Las Vegas Sun

April 18, 2024

Joe Downtown: Complaints spur effort to change code on building retrofits

A Las Vegas councilman wants to change a city code that forces developers to spend thousands to retrofit older buildings with energy-saving measures such as window glazing and insulation on cinder-block walls.

Councilman Bob Beers has spent months working with city staff on the changes, he said, because he’s received so many complaints from small-business operators, many of them downtown. He added that the city’s energy code, adopted in 2011, doesn’t always comport with “common sense.”

“These codes are rewritten every three years and don’t really get much of a hearing from legislatures or city councils … so we often don’t understand what we’ve adopted until after staff has time to work with it,” Beers said.

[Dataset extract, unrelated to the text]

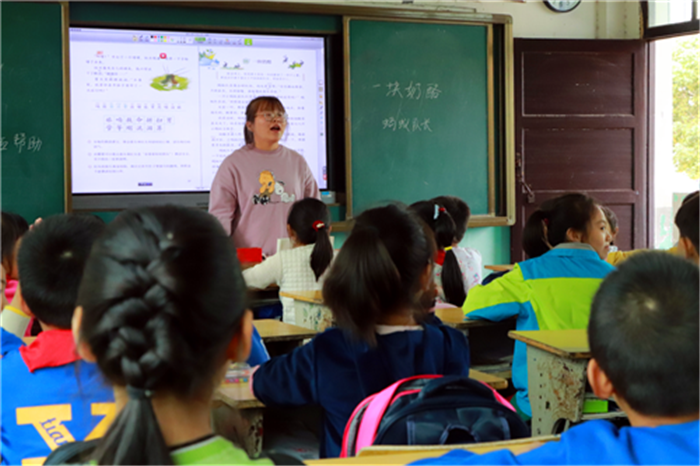 当天,新疆皮山县桑株镇的三位小学老师也来到罗岭中心学校旁听了“在线课堂”,学习这种特殊的教学方式。
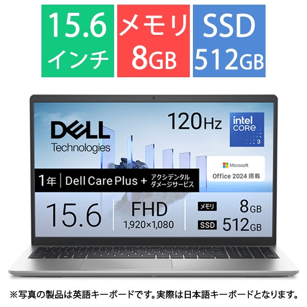 デル DELL ノートパソコン/Dell 15 DC15250/15.6型/Core 3 100U/メモリ 8GB/SSD 512GB/Windows 11 Home/Office Home & Business 2024+Microsoft 365 Basic/プラチナシルバー ND25-FWHBSCYD の 商品概要

As an example, he said merchants in the relatively new Tivoli Village, 440 S. Rampart Blvd., expected to installed glazed windows. But the new code also required the windows to be tinted.

Not only does window tinting hinder views of a store’s merchandise, he said, but it blocks sunlight. “Some of these places never get sunshine, but the code says do it this way – even if it defies common sense.”

Another result of the code, Beers said, is a requirement for people with cinder block buildings to install 6 inches of insulation, which he said reduces the square footage of a building and can be costly.

“The first half of our first 100 years, everything was built from cinder blocks,” he added. “The way this code requires treatment is just unconscionable and is very clearly holding up business.”

The code change will be introduced at Wednesday's City Council meeting, with discussion to be at later meetings.

Joe Schoenmann doesn’t just cover downtown, he lives and works there. Schoenmann is Greenspun Media Group’s embedded downtown journalist, working from an office in the Emergency Arts building.